14. Output interface

15. Motor controller

16,16' gate drive unit

17. Driver steering request

18. Capacitor with a capacitor body

19. Current measuring device

20. Switching device

21. Current measurement signal

21' amplified current measurement signal

22. Micro controller

23. Switch signal

23' disconnect command

23' pulse width modulation signal

24. Signal amplifier

25. Current measuring device

26. Vehicle bus

221. Input terminal of microcontroller

222. Output of microcontroller

SC short circuit signal

Total current in main branch I1

I2 Current in the capacitor branch

Voltage on U-switch device

T response time

Claims (10)

1. Control device for controlling an electric motor (5) of a steering system (1) of a motor vehicle, comprising

-a supply path (12) for supplying power from a voltage source (11) to the control device (10);

-an inverter (13) connected to the power supply path (12) for electronically commutating the motor (5) at the output interface (14) of the control device (10);

-a motor controller (15) and a gate drive unit (16, 16') for controlling the inverter (13) in accordance with a driver steering request (17);

-a capacitor (18) connected in parallel with the inverter (13) for stabilizing the supply voltage present in the supply path (12) during operation of the control device (10);

-a current measuring device (19) in series with the capacitor (18); and

a switching device (20) connected in series with the capacitor (18),

it is characterized in that the method comprises the steps of,

the control device (10) comprises a separate microcontroller (22) for controlling the switching device (20), which microcontroller has at least one input (221) and an output (222), wherein a current measurement signal (21, 21 ') obtained by the current measurement device (19) can be input to the input (221), and the microcontroller (22) is designed to output a switching signal (23) at the output (222) as a function of the current measurement signal (21, 21'), which switching signal can be input to the switching device (20).

2. Control device according to claim 1, characterized in that the microcontroller (22) has a lower processing width and/or a lower cycle time than the motor controller (15).
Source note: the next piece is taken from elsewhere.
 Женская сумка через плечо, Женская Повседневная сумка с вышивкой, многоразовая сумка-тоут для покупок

3. Control device according to claim 1 or 2, characterized in that the microcontroller (22) is designed to output an off command (23 ') as a switching signal (23) to the switching device (20) when the current measurement signal (21, 21') exceeds a predefinable threshold value (S).
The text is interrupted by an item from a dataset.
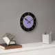 Trendy and stylish kitchen wall clocks in purple yellow and black with classy clock face number markings that add a touch of class to the design.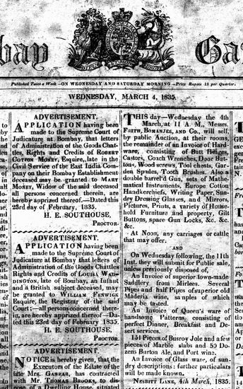 The Bombay Gazette (Weekly Edition), 28 October 1835

4. A control device according to claim 3, characterized in that the microcontroller (22) is designed to determine, before outputting the disconnection command (23 '), whether the threshold value (S) has been exceeded or not, on the basis of at least two successive analyses of the current measurement signal (21, 21').

5. A control device according to claim 3 or 4, characterized in that the microcontroller (22) is designed to output the opening command (23') with a response time (T) of less than 20 μs, preferably less than 15 μs.
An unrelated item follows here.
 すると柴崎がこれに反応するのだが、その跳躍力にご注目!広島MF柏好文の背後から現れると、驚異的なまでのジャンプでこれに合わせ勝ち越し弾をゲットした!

6. Control device according to one of claims 1 to 5, characterized in that a signal amplifier (24) for amplifying the current measurement signal (21) is connected between the current measurement device (19) and the microcontroller (22).

7. The control device according to claim 6, characterized in that the signal amplifier (24) is arranged in a gate drive unit (16').

8. Control device according to claim 6 or 7, characterized in that at least one amplification parameter of the signal amplifier (24) can be set by a motor controller (15).

9. Control device according to one of claims 1 to 8, characterized in that the microcontroller (22) is designed to output a pulse width modulated signal (23 ") as a switching signal (23) to the switching device (20) in order to limit the current in the capacitor (18).

10. Control device according to claim 9, characterized in that the on-time of the pulse width modulation signal (23 ") is in the range of 5 to 75 μs, preferably in the range of 10 to 60 μs, particularly preferably in the range of 20 to 50 μs.